ハリケーンランはモンジューが勝利した地元の仏ダービーでG1に初挑戦したが、4馬身差で圧勝した父に対して自身には少々不運があった。仏ダービーはハリケーンランが3歳を迎えた2005年に、距離が2400mから2100mへ短縮。その結果、自身よりスピードに秀でた仏2000ギニー馬シャマーダルをクビ差捕らえ切れずに惜敗した。しかし、次戦の愛ダービーでG1初制覇を飾ると、ニエル賞から凱旋門賞へと2400mの王道で3連勝。その後に予定していたブリーダーズカップ遠征は咳の症状が出たため回避したが、カルティエ賞年度代表馬と最優秀3歳牡馬に選出され、名実ともに欧州最強の座に就いた。

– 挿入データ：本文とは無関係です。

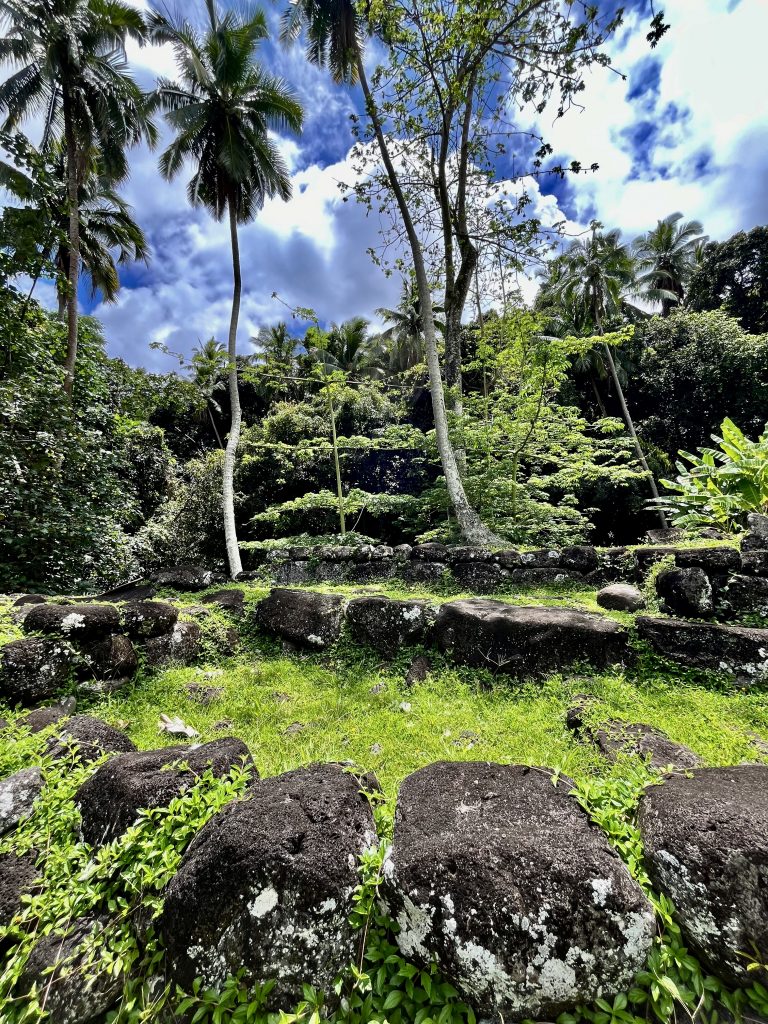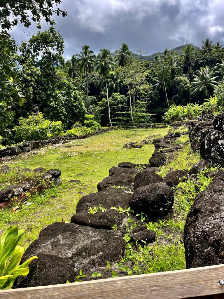 Nun geht es weiter zur heiligen, archäologischen Ausgrabungsstätte ‚Tohua Upeke‘ bei Taaoa.

明け4歳の始動戦は3頭立てのタタソールズGCを7馬身差で圧勝。続くサンクルー大賞は直線早々に抜け出した所を牝馬のプライドに強襲され、アタマ差でまさかの2着と取りこぼしたが、最強の評価に変わりはなく次戦のキングジョージで日本のハーツクライを迎え撃つ。

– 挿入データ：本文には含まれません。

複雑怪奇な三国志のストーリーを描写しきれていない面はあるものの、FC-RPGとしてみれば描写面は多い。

6頭立ての一戦はハリケーンランの単勝1.83倍を筆頭に、前走でドバイシーマクラシックを圧勝のハーツクライが4倍、ドバイWC勝ちからプリンスオブウェールズS2着のエレクトロキューショニストが5倍で続く3強対決の図式。レースは直線で3頭が代わるがわる先頭に立つ壮絶な叩き合いを演じた末、ハリケーンランが最後の100ヤードから半馬身抜け出して勝利をもぎ取り、欧州最強馬の面目を保った。

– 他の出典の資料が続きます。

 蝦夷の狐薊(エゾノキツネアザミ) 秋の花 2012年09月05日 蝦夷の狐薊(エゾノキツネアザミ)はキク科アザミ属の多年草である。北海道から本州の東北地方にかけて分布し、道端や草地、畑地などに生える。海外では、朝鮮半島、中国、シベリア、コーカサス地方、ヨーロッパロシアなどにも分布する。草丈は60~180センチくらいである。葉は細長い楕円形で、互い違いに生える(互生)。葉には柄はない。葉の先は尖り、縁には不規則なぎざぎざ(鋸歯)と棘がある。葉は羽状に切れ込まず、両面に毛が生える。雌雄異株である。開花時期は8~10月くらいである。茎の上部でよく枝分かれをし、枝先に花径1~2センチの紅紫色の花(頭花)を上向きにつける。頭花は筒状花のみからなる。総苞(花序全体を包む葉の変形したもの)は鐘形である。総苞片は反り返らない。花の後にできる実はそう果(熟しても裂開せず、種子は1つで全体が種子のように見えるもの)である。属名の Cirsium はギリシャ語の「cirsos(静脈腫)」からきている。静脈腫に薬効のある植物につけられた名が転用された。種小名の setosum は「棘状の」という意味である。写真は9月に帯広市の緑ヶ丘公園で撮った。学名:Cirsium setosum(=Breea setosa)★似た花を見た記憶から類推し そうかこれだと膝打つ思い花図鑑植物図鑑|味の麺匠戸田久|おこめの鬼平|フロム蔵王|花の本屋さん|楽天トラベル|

そして、前哨戦のフォワ賞から向かった凱旋門賞ではディープインパクトとの対決が実現する。ハーツクライを撃破したハリケーンランは、日本の悲願を背負う切り札の前に立ちはだかる最大の障壁。戦前は一騎打ちのムードが充満していた。ところが、レースは思わぬ結末を迎える。ハリケーンランは先行するディープインパクトをマークして背後から内にコースを取ると、直線で行き場を失い後退。猛然と巻き返したものの、4番手でゴールと消化不良の内容に終わった。一方のディープインパクトは3位入線も禁止薬物が検出されて失格。ハリケーンランは3着に繰り上がり、結果的に日本の最強馬たちに負けることはなかったが、凱旋門賞連覇の偉業を逃した事実までは変えられなかった。
その後は英チャンピオンS、前年に回避したBCターフも連敗して引退。結局、キングジョージでの激走が最後の雄姿となった。引退後は父モンジューの後継と期待されて種牡馬入りしたものの目立った産駒を残せず、2016年末に自身の生産者で繋養先でもあるドイツのアマーラント牧場で亡くなった。